Dokter Satrio sebagai perwira militer tahun 1946 dan ditempatkan di Banten, Jawa Barat. Ia
memberi vaksinasi kepada penduduk setempat terhadap cacar air dengan cara menyuntikkan
empat ekor kerbau dengan dua ampul mengandung cacar air yang berhasil ia selundupkan. Pada
tahun 1957, Mayor Jendral Satrio menjadi guru besar di Fakultas Kedokteran Universitas
Indonesia, dan pada tahun 1970 – 1982 sebagai ketua Palang Merah Indonesia.
Sejumlah dokter Indonesia terkenal pada masa penjajahan belanda karena keterlibatan dengan
urusan politik, partisipasi dalam pergerakan nasional dan karya jurnalistik mereka.
Pada 20 Mei 1948 Boedi Oetomo didirikan, sebagai hari besar nasional yaitu Hari Kebangkitan
Nasional juga sebagai penghormatan para dokter.
Dengan menyamakan pendirian Boedi Oetomo para pemimpin baru mendukung cita-cita negara
nasional, melemahkan sejarah sarekat islam, dan mengalahkan berbagai basis islam politik yang
mencita-citakan Indonesia sebagai negara Islam. Esai-esai dan buku pun ditulis oleh Sekelompok
pelajar Hindia Belanda sebagai peringatan ulang tahun ke-10 pendiriannya, dan kian penting dari
waktu ke waktu, pendirian Boedi Oetomo mewakili momentum keterlibatan politik oleh para
dokter dan mahasiswa kedokteran di paruh pertama abad ke-20.
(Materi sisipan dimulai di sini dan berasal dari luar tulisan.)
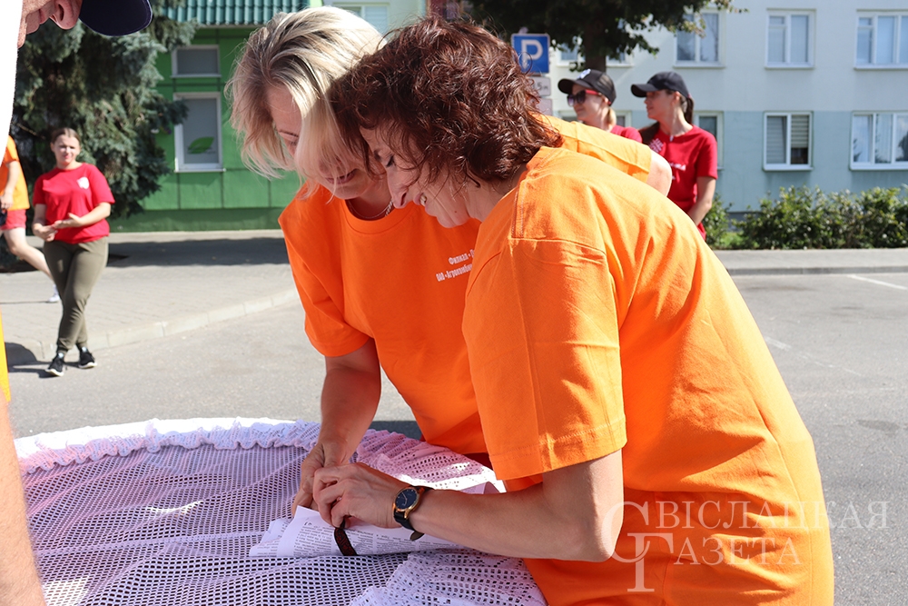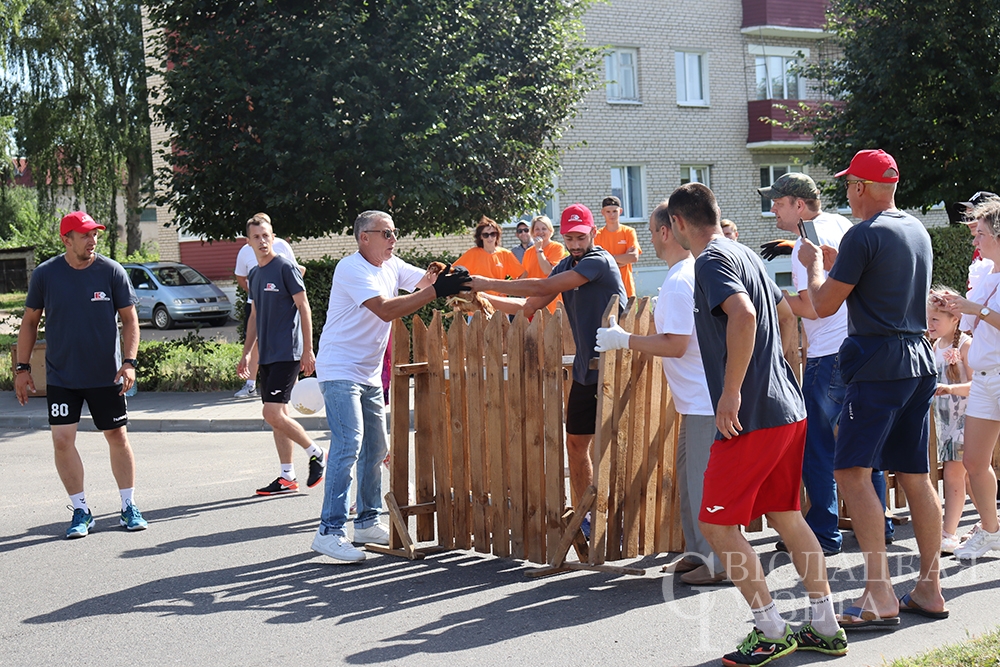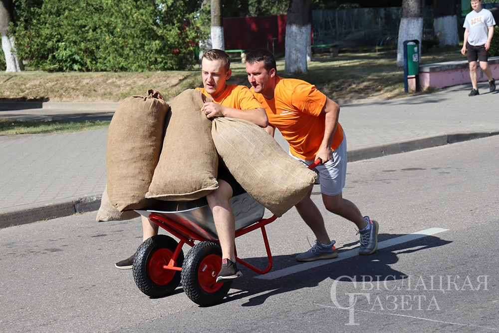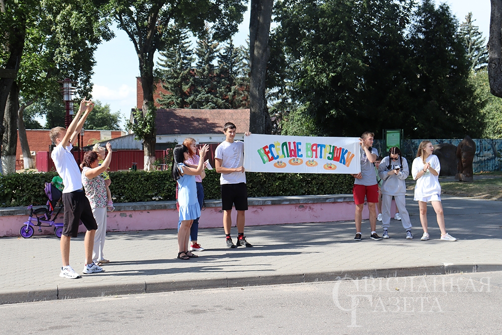 Пройти (или, скорее, пробежать, ведь работал секундомер!) пять веселых конкурсов вызвалось девять молодежных команд из разных уголков Гродненщины: «Слонимские львы», «Красносельскстройматериалы», «Гродножилстрой», «Волковыскгаз», «Веселые ребята» (Берестовицкий район), «Энергетические строители» (г. Гродно), «Пернатые» (Мостовский район), «Паруса» (г. Гродно). Свислочский район представляли «Веселые ватрушки».

Selama Revolusi Indonesia, para dokter menduduki berbagai posisi politik, namun setelah tahun
1950 terjadi kekurangan tenaga dokter yang parah sehingga mereka kembali pada karier
kedokterannya dengan karier politik yang berakhir. Kelompok elite kecil kedokteran di Indonesia
bernasib jauh lebih baik, mereka fokus pada bidang kedokteran dan memberikan pelayanan medis
dalam kondisi sulit.
Setelah kemerdekaan, para elite kedokteran memainkan peran utama dalam pengembangan
infrastruktur medis di Indonesia.
Mereka mengelola Departemen Kesehatan, rumah sakit, klinik, dan sekolah kedokteran yang
baru didirikan di banyak tempat.
Dibawah pemerintahan kolonial Belanda, Perkumpulan Dokter Hindia yang sangat vokal dan aktif
secara politik menjaga agar pelayanan kesehatan dan pendidikan medis tetap ada dalam agenda
politik.
Setelah tahun 1950, elite medis apolitis Indonesia menjadi terkenal akan patriotisme mereka,
dan menuai keuntungan dari reputasi itu, sehingga mampu mengonsolidasikan posisi mereka di
Universitas-universitas dan birokrasi pemerintah di Indonesia.